Red Orchestra features 16 official maps and 10 community-made maps supported by the developers. The Red Orchestra SDK, though never gone beyond beta version, has allowed the production of hundreds of user-created maps.

Red Orchestra features several different map types. Infantry maps focus on infantry combat, but can occasionally include APCs. Tank maps focus on tank combat. Combined Arms features gameplay which makes the coordination of infantry and armor its focal point. However, in many maps only when something on the map such as a wall or a fence is part of an objective or blockade can it be interacted with. The maps feature many broken buildings and vehicles as well as propaganda posters and resupply areas to add to the realism.

=== Red Orchestra: Combined Arms ===
Red Orchestra: Combined Arms is a tactical first-person shooter total conversion for Unreal Tournament 2004 and previously for Unreal Tournament 2003 originally developed by an independent international mod team, set on the Eastern Front during World War II.
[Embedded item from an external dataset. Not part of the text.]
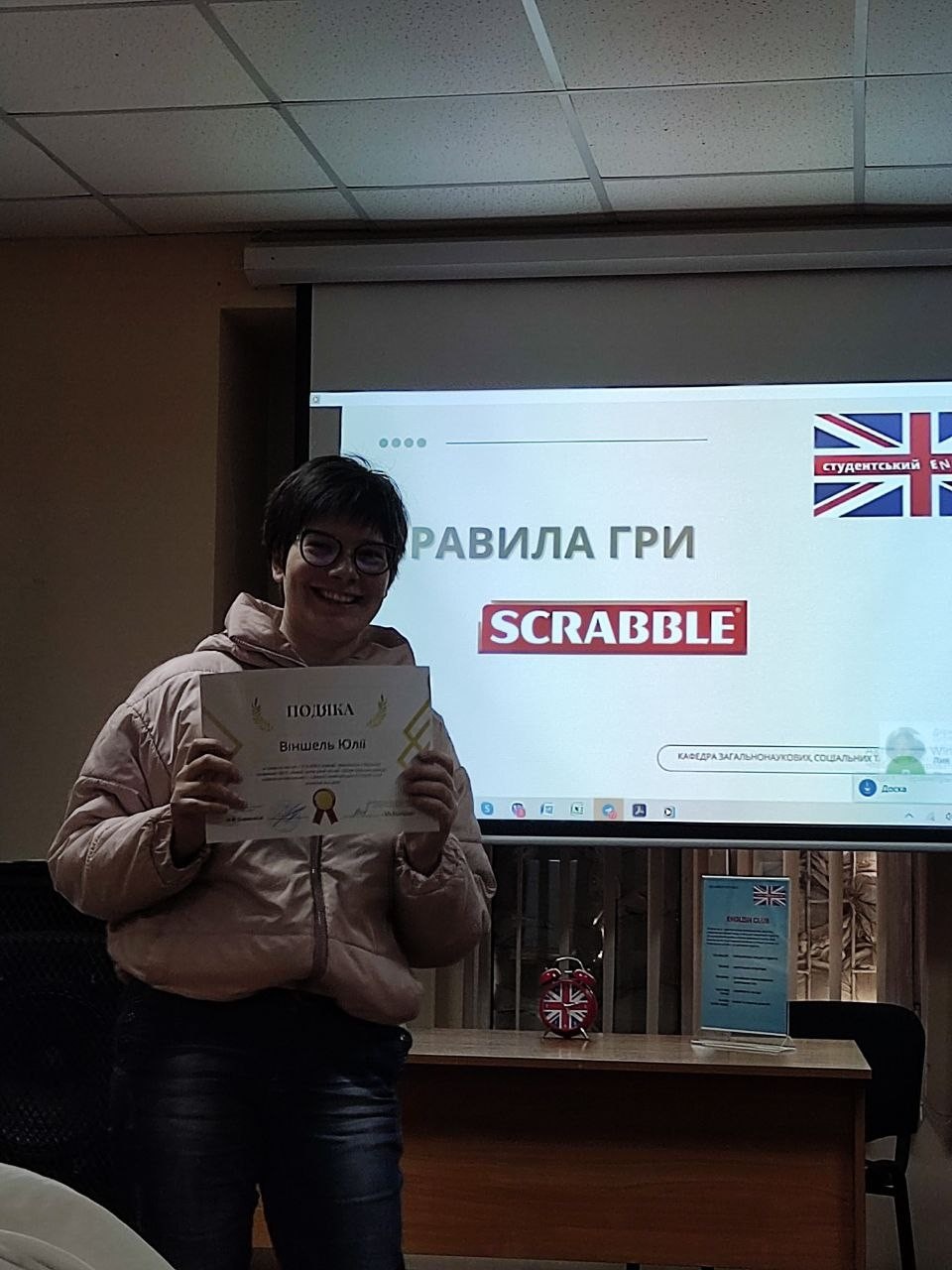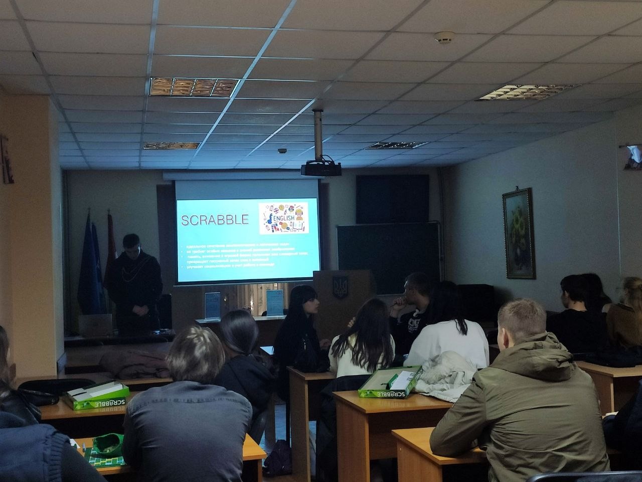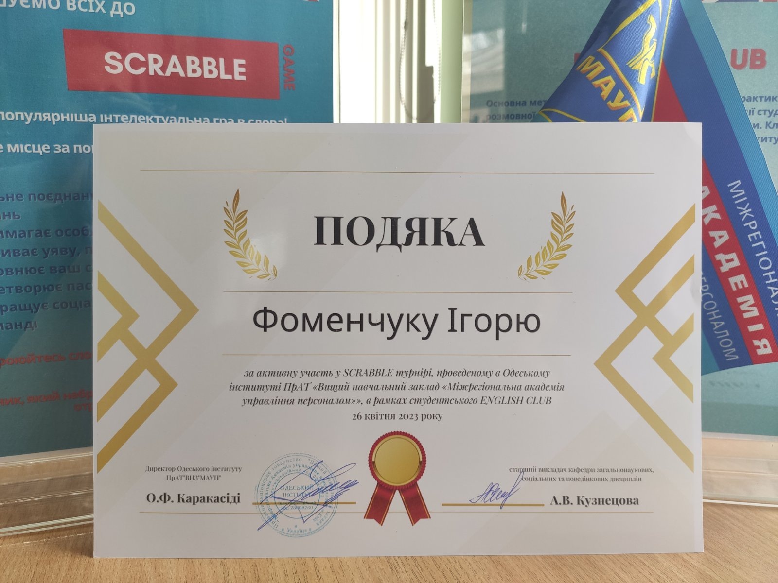 26 квітня 2023 року в Одеському інституті МАУП в рамках студентського ENGLISH CLUB під керівництвом старшого викладача кафедри загальнонаукових, соціальних та поведінкових дисциплін Анастасії Кузнецової пройшов турнір найпопулярнішої інтелектуальної гри в слова – SCRABBLE.

The Red Orchestra developers, Tripwire Interactive, entered the NVIDIA Make Something Unreal Contest, with a grand prize of free Unreal Engine 2.5 and 3.0 licenses. The Combined Arms aspect of the game in version 3.0 was brought about by heavy suggestion that vehicles should be included to secure progression in the MSUC. Further refinement of the Red Orchestra total conversion led to version 3.3, the last version of the mod.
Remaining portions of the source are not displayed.